Nos citoyens attendent en effet un traitement plus égalitaire, qu’ils habitent en banlieue, à Paris ou dans les campagnes. Je suis convaincu que l’unité nationale peut s’appuyer sur les spécificités territoriales du pays, en partant des énergies internes à chaque territoire. Le temps est à l’audace dans la manière de révéler tout ce potentiel.

 

« Nos citoyens attendent en effet un traitement
plus égalitaire, qu’ils habitent en banlieue, à Paris
ou dans les campagnes »

 

Les journalistes ont toujours écrit que vous étiez « Macron compatible ». Et on apprend que vous venez de ré-adhérer au Parti communiste français. Quelle est la logique ?

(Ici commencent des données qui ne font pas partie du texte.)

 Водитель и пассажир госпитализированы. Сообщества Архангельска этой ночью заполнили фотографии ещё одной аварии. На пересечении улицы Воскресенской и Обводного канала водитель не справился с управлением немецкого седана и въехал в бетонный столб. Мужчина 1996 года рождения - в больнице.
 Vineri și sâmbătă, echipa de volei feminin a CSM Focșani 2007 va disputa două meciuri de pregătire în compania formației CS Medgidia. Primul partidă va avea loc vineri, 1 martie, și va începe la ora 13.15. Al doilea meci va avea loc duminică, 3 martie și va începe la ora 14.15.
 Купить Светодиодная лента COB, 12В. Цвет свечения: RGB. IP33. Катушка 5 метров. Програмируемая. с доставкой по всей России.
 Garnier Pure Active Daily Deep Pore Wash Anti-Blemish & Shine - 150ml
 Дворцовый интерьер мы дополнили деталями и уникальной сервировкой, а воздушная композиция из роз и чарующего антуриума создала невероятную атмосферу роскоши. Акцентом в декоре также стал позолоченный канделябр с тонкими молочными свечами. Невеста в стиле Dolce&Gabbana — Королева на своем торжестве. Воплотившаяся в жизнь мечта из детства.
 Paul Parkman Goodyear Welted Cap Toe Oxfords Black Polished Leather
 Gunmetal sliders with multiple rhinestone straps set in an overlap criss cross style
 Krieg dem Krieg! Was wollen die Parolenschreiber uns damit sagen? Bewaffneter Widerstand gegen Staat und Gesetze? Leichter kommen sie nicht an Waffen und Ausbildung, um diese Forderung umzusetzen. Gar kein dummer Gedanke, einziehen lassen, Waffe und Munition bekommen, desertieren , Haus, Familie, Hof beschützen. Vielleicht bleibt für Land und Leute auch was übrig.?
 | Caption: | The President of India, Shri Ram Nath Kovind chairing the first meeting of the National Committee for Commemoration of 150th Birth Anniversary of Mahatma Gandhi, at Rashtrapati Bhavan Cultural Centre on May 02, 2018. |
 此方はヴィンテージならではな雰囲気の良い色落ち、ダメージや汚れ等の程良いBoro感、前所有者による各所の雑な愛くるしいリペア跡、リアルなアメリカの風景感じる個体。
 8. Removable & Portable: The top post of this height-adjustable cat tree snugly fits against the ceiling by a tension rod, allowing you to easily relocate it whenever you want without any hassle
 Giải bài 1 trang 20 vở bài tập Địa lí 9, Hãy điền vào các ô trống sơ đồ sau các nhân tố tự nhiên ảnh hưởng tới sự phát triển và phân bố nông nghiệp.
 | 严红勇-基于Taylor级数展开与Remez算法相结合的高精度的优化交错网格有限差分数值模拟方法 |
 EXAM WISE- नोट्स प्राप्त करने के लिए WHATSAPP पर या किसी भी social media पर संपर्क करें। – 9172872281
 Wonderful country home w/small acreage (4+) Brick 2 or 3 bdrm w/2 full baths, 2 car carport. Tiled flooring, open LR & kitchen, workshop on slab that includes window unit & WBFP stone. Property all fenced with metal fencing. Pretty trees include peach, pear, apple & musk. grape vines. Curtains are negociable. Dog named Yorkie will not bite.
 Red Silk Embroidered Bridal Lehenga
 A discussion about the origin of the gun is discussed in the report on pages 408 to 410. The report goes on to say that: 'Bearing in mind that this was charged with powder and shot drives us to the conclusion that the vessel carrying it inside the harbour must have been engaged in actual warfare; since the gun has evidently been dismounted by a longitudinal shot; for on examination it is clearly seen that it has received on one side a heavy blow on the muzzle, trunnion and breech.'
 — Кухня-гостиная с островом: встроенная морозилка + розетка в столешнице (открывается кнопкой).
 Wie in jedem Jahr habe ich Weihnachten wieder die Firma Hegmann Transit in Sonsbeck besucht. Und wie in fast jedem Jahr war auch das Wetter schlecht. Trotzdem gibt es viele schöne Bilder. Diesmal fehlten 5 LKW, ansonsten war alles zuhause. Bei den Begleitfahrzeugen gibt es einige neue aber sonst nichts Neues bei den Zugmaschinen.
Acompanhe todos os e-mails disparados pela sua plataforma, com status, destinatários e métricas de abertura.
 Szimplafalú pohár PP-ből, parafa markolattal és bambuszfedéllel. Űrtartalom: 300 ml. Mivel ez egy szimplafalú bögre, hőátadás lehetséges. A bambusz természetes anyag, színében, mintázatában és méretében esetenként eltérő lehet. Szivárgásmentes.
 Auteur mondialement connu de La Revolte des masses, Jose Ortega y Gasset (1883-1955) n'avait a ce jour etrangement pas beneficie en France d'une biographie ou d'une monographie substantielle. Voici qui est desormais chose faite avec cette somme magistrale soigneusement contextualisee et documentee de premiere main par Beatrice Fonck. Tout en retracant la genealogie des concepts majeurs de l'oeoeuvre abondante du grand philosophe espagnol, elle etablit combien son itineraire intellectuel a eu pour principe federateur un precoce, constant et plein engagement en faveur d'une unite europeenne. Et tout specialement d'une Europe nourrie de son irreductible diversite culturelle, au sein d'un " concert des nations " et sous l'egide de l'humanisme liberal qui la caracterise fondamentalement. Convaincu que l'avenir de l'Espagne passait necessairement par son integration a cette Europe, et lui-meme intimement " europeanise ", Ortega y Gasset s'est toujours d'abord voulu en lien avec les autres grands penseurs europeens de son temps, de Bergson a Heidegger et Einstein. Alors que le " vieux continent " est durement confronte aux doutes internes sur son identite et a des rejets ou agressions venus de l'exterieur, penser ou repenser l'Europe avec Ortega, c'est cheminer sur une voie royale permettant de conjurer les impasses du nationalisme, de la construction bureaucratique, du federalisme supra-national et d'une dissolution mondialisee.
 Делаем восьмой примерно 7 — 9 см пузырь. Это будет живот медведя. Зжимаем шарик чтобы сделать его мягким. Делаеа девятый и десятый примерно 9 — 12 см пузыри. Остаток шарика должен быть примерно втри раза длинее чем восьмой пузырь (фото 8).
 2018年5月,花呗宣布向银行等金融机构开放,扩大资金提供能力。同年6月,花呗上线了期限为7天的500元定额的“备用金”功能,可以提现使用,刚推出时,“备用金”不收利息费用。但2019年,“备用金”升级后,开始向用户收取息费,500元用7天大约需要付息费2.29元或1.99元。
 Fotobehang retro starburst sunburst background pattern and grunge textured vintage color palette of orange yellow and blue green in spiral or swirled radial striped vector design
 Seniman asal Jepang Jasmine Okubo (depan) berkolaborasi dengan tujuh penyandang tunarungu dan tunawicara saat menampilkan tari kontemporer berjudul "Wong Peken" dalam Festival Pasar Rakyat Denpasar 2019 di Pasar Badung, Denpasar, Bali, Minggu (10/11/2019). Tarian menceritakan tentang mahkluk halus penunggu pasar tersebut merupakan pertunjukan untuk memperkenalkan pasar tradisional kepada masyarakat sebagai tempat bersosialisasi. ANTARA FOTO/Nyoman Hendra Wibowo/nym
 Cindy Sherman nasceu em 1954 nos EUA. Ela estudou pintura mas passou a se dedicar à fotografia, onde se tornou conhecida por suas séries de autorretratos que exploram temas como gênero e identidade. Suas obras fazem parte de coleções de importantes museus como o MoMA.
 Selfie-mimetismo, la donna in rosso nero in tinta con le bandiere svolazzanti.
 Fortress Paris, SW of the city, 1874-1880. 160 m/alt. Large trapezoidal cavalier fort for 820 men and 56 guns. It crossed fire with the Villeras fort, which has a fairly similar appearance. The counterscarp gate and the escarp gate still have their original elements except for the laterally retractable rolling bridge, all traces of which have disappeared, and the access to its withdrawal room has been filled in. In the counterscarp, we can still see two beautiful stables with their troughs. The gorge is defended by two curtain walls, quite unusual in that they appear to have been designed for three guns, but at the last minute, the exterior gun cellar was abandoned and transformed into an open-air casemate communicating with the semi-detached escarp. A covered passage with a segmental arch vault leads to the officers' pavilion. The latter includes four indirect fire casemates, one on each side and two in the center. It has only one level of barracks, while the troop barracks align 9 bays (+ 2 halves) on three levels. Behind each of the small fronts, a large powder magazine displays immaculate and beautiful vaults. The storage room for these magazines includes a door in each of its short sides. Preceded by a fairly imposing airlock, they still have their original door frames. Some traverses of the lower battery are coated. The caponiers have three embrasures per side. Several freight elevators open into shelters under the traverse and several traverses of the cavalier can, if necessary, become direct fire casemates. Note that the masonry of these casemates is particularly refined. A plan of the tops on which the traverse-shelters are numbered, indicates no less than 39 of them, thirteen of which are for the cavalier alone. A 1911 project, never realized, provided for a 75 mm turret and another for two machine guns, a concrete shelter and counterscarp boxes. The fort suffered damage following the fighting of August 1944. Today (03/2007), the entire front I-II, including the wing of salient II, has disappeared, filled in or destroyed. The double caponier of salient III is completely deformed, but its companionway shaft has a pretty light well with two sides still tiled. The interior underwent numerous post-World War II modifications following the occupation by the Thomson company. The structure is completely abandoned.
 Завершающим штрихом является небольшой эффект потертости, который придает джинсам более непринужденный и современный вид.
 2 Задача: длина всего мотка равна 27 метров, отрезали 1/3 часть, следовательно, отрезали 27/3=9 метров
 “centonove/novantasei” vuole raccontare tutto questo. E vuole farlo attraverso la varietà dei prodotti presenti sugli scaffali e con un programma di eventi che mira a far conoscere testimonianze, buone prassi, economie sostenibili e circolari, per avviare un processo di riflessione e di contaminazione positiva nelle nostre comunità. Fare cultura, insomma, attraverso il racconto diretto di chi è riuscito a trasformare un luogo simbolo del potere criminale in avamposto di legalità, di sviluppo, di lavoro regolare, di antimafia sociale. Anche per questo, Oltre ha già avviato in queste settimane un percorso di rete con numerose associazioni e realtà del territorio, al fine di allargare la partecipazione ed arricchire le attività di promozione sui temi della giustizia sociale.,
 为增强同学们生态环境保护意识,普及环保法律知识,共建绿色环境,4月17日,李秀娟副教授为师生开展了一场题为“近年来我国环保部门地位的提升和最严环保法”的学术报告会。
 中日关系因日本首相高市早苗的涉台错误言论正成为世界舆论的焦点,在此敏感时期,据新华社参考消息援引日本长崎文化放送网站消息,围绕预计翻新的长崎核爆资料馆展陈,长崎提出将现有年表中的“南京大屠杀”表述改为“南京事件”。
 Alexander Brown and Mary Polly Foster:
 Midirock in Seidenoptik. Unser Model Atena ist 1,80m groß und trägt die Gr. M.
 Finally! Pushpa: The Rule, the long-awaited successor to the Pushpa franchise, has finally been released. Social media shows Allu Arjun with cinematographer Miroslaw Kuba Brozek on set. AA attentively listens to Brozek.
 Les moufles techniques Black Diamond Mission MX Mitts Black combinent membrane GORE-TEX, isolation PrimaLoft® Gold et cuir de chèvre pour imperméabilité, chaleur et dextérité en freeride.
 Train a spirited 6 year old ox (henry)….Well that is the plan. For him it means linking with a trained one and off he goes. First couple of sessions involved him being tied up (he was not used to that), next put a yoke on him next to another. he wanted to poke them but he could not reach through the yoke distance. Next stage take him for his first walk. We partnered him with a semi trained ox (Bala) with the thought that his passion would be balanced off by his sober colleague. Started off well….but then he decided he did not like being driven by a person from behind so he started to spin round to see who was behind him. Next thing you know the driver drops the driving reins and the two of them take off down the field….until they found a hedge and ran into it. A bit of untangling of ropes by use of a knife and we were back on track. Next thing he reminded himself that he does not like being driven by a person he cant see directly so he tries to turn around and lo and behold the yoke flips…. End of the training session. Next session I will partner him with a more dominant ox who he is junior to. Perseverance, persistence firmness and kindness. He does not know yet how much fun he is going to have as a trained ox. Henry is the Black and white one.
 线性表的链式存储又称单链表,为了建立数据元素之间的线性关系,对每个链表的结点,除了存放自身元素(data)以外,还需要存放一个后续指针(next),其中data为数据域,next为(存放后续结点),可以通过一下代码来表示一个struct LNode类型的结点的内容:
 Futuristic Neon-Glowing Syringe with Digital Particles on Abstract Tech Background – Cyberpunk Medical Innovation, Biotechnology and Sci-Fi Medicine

Je ne regrette pas d’avoir appelé à voter Emmanuel Macron dès le premier tour de l’élection présidentielle. J’étais, et je reste convaincu, que le temps des partis traditionnels est fini et qu’il faut accompagner les alternatives politiques les plus crédibles. D’ailleurs, En Marche comme la France insoumise s’apparentent plus à des réseaux qu’à des formations politiques au sens classique du terme. Je trouvais qu’Emmanuel Macron, comme Benoît Hamon dans un autre genre, posait bien les problèmes dans le cadre contemporain de l’évolution de notre société.

 

Lire aussi : Pourquoi la politique de la ville continue de patiner malgré tout

 

Je n’ai jamais été dans l’opposition radicale. J’ai critiqué le projet de loi sur l’immigration, sur la loi Travail… J’ai toujours partagé les constats du Parti communiste sur l’état du pays. D’ailleurs, je travaille désormais plus sur la notion de commun, sans le « isme » à la fin qui a fait tant de mal à ma formation originaire.

 

Qu’est-ce à dire ?

Je travaille à la rédaction d’un livre sur cette notion de commun, sur sa valorisation. Sur tous les sujets qui mettent en péril l’avenir de notre planète, la création du commun, qui préserve au mieux les attentes primaires de tous, est le seul chemin qui mène vers un vivre-ensemble durable.